Toda marca de cosméticos que quer vender no Brasil precisa passar pela Anvisa. A boa notícia: para a maioria dos produtos o processo é mais simples do que parece — e quando a fabricação é feita por um laboratório já licenciado, boa parte do trabalho regulatório está resolvida antes de o seu projeto começar.

Este guia explica como funciona a regularização de produtos de higiene pessoal, cosméticos e perfumes, o que mudou nas regras recentes, e o que fica a cargo da fábrica versus o que fica a cargo da marca.

Conteúdo informativo, atualizado em julho de 2026. Não substitui a análise regulatória do seu produto específico.

Em uma frase: a maioria dos cosméticos é isenta de registro e entra no mercado por comunicação prévia em poucos dias.

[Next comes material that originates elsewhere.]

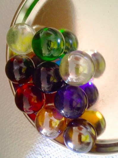 Glaskugeln in normaler Dekoglasqualität für übliche Dekozwecke, transparent und irisierend, ca. 2,5 cm Durchmesser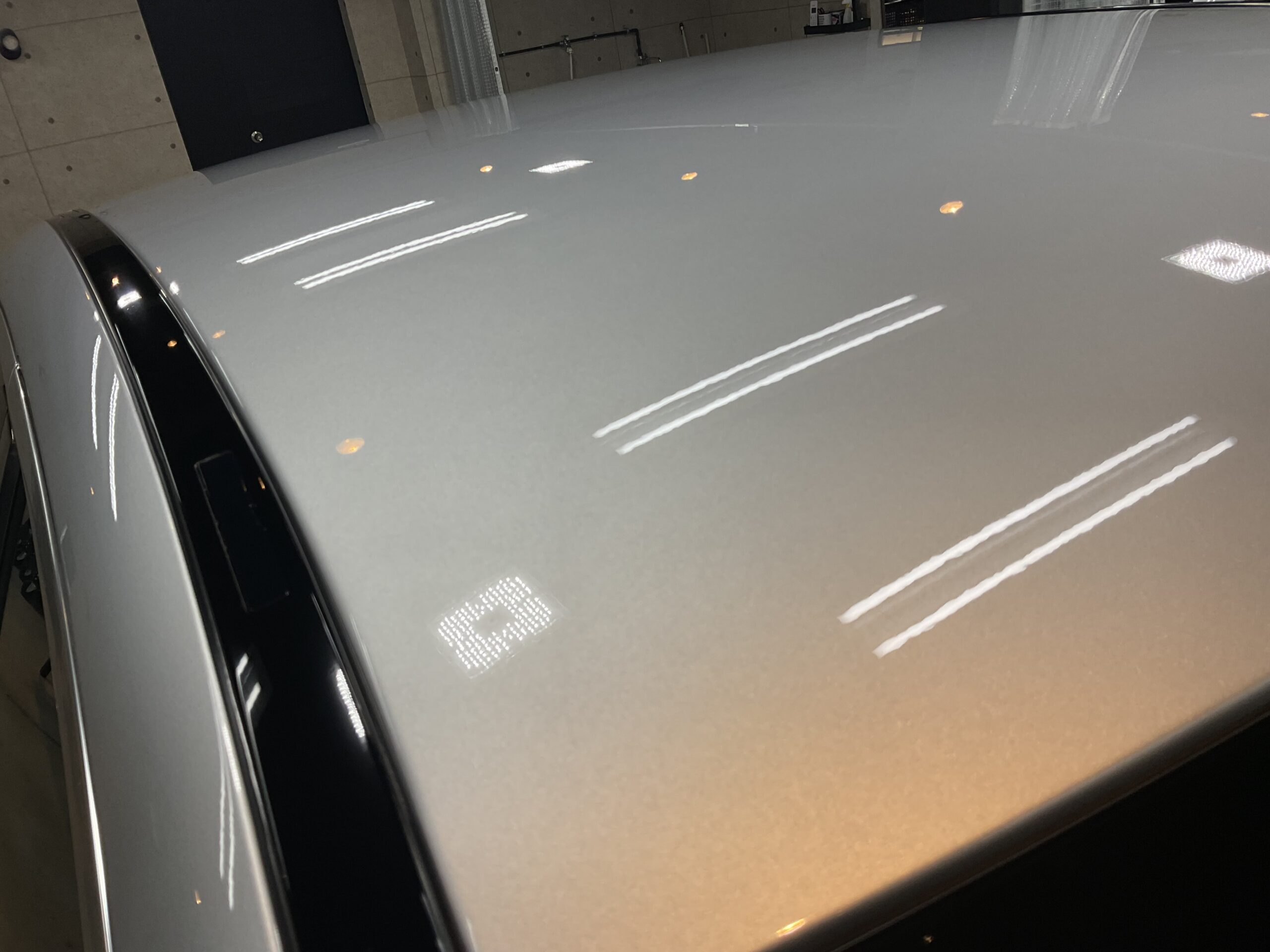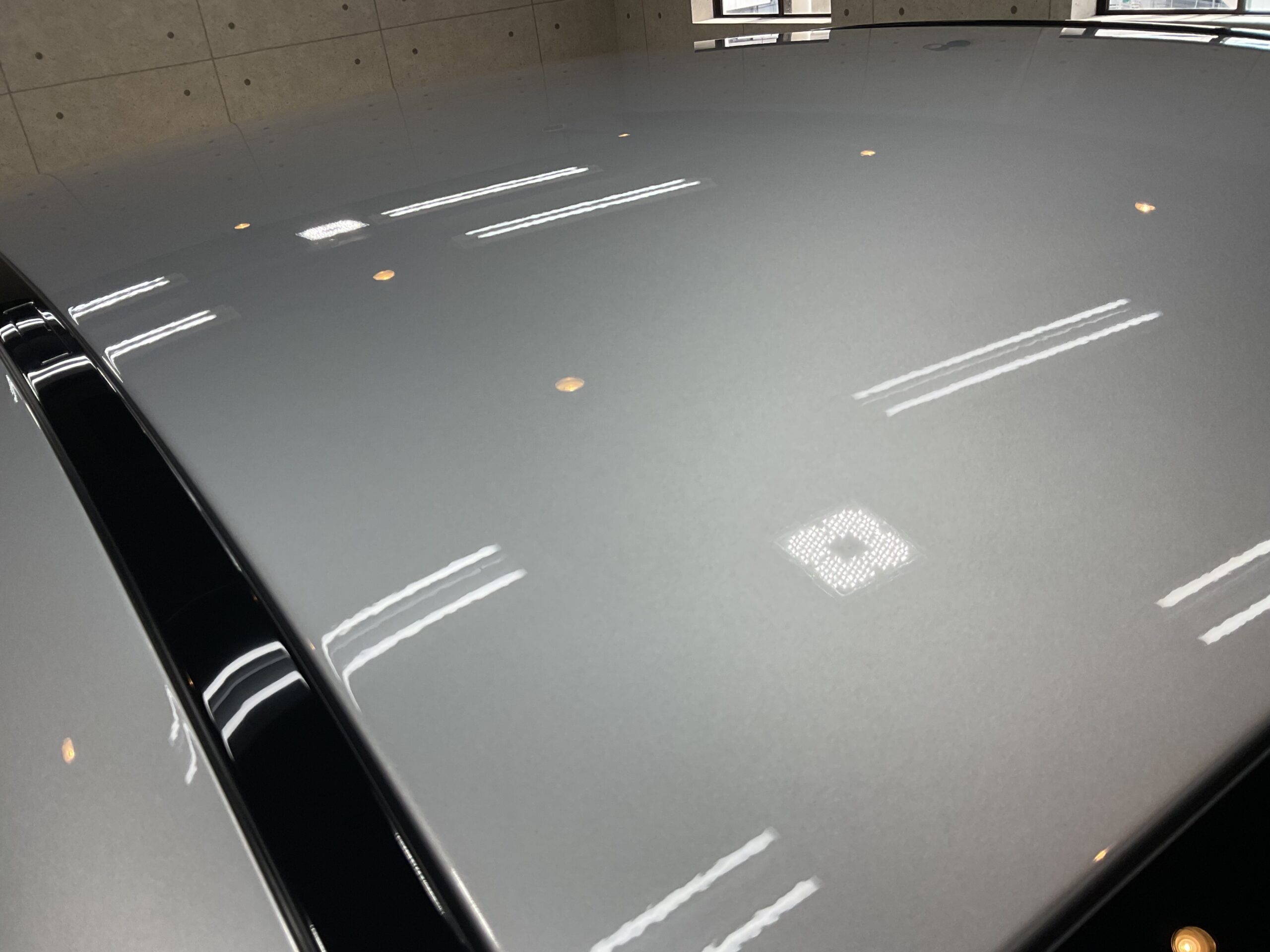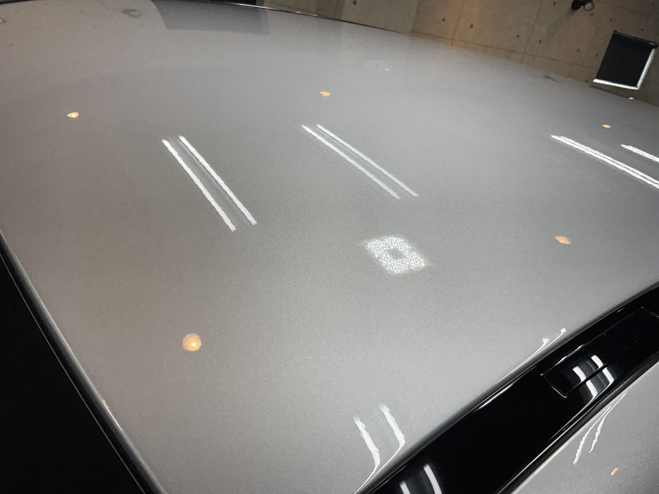 下地処理は、最初に手洗い洗車・鉄粉取りを行い、次に【Revolt Adjust System】と呼ばれるボディ研磨を行い、数ヵ所に付着していた水シミ、小キズを可能な範囲で丁寧に除去していきました。その結果、塗装本来の艶を取り戻すことができ、ピカピカな状態になりました。

Só nove grupos de produtos exigem registro prévio com análise da Anvisa — e grau 2 não é um deles.

O marco regulatório atual

Desde o fim de 2024, a regularização de cosméticos no Brasil é regida principalmente pela RDC nº 907/2024, que consolidou definição, classificação, rotulagem, embalagem, controle microbiológico e procedimentos de regularização em uma única resolução. A lista de classificação foi atualizada pela RDC nº 949/2024, que internalizou a Resolução GMC Mercosul nº 18/2023.

Duas mudanças importam para quem está lançando uma marca.

A regularização é eletrônica. Todo o processo passa pela plataforma Solicita da Anvisa, que substituiu o antigo sistema SGAS.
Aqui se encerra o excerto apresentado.